Outro dia citei uma passagem do Gênesis que explica um pouco dos nossos padecimentos do século XXI. Nada a ver com religião, e sim com conceitos que forjam a vida prática. É uma parte da história de Noé. Gosto desse trecho da Bíblia, porque é meio misterioso. Há um pedaço que diz assim:
“Aconteceu que, como os homens começaram a multiplicar-se sobre a face da terra, e lhes nasceram filhas, viram, os filhos de Deus, que as filhas dos homens eram formosas e tomaram para si mulheres de todas as que escolheram. Então disse o Senhor: ‘Não permanecerá o meu Espírito para sempre com o homem, porque ele também é carne, e a duração da sua vida será somente de 120 anos’”.
Isso significa que havia dois tipos de criaturas humanas: os homens e os filhos de Deus. Quem seriam esses filhos de Deus? Se você for mais adiante no Gênesis, vai descobrir: eram os “Nefilins”, que algumas traduções da Bíblia chamam de “gigantes”. Os Nefilins eram os anjos decaídos, soldados do primeiro anjo banido, Lúcifer. Ou seja: eram demônios! E eles se relacionaram e tiveram filhos com as filhas dos homens. Você percebeu a gravidade disso? Deus percebeu: “Então arrependeu-se o Senhor de haver feito o homem sobre a terra e pesou-lhe o seu coração. E disse o Senhor: ‘Destruirei o homem que criei de sobre a face da terra, desde o homem até ao animal, até ao réptil, e até a ave dos céus; porque me arrependo de os haver feito’”.

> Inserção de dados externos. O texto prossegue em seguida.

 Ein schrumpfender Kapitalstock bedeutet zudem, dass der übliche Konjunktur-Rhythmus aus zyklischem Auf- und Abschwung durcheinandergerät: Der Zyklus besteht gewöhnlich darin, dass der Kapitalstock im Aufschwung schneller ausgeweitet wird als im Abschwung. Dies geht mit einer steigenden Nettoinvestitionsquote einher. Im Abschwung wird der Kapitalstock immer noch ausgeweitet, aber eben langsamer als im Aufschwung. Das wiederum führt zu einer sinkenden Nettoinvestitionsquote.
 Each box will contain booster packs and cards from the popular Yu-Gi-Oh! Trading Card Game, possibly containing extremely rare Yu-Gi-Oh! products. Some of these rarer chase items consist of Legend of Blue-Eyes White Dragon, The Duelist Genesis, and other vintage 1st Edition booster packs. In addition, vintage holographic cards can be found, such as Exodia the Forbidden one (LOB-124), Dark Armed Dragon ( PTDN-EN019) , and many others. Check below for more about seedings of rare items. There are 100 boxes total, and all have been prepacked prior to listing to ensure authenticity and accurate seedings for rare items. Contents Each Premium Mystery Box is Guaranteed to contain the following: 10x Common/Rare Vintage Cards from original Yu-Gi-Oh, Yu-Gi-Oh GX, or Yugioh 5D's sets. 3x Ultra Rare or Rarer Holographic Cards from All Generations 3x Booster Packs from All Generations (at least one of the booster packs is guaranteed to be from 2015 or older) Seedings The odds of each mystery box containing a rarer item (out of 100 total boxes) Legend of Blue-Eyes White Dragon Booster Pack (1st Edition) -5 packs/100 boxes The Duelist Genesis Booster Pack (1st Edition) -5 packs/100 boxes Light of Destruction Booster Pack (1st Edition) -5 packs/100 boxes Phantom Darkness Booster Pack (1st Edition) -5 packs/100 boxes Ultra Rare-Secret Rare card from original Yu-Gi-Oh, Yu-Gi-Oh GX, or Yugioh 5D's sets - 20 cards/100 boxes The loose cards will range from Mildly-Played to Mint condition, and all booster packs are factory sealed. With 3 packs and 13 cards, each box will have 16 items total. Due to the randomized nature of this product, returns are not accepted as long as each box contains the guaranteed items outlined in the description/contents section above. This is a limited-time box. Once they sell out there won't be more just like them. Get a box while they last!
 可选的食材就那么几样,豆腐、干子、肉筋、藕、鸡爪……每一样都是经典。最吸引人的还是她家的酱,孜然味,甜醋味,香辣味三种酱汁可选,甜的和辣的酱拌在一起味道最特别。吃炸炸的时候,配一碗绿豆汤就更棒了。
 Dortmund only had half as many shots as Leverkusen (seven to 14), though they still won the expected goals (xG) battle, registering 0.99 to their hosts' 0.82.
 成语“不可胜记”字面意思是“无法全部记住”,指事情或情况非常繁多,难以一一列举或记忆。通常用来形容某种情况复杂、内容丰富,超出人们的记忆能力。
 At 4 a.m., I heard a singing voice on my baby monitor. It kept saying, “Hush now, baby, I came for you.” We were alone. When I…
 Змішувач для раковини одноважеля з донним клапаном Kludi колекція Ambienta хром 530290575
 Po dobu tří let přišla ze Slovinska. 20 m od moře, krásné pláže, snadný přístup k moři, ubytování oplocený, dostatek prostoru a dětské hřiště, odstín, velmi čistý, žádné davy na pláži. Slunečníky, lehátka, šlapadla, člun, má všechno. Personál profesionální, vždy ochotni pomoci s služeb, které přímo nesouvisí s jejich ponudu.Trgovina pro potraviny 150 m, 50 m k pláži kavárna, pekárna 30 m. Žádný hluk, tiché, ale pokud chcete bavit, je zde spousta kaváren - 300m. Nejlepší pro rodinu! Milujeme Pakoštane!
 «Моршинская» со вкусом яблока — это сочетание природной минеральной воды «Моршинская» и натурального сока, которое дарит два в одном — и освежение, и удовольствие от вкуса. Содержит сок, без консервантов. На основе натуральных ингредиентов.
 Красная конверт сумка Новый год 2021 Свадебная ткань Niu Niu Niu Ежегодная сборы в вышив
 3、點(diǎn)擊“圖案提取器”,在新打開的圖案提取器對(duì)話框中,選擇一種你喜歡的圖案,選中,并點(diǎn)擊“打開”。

Foi por isso que sobreveio o Dilúvio.
Entenda: muitas histórias da Bíblia são parábolas, contadas para exercer um efeito moral no povo. O que interessa, portanto, é o que o Gênesis pretende ensinar. E a lição vem depois de passado o Dilúvio, quando Deus abençoou Noé e seus três filhos e deu-lhes uma ordem, que é o naco de texto que reproduzi. Deus disse assim:
“Frutificai e multiplicai-vos e enchei a terra. Vós sereis objeto de temor e de espanto para todo animal da terra, toda ave do céu, tudo o que se arrasta sobre o solo e todos os peixes do mar: eles vos são entregues em mão. Tudo o que se move e vive vos servirá de alimento; eu vos dou tudo isto, como vos dei a erva verde.”
Às vezes, a melhor forma de usufruir da natureza é deixá-la como está.
Eis o centro filosófico da história. O homem é dono de tudo: da “erva verde” e dos animais. Essa ideia sempre moveu o ser humano, ele sempre manipulou a natureza para viver com mais conforto. Em alguns casos, criou grandes coisas; em outros, destruiu grandes coisas. A Civilização, afinal, é o controle da natureza, seja a dos nossos instintos, seja a que nos cerca. Mas, com a experiência, o homem aprendeu que a natureza é um sistema integrado: o que é feito aqui pode produzir efeitos acolá. Essa nova sabedoria fez o homem compreender que, às vezes, a melhor forma de usufruir da natureza é deixá-la como está.
Estou falando, obviamente, da Amazônia.
A Amazônia vale muito mais de pé do que derrubada. Não apenas por ser o “pulmão verde” do planeta, mas por possuir riquezas naturais que podem ser exploradas sem que haja devastação. A Amazônia é dotada de um bioma riquíssimo e do maior acervo hídrico do mundo, pode ser a sede da nova ciência do planeta, da nova química, da nova biologia, da nova medicina, e render trilhões de dólares para o Brasil, tudo isso preservando a natureza.
Nefilins de dentro e de fora do país rondam a Amazônia. Temos de protegê-la com inteligência, não com brutalidade. Antes que a ira do Senhor caia sobre nós.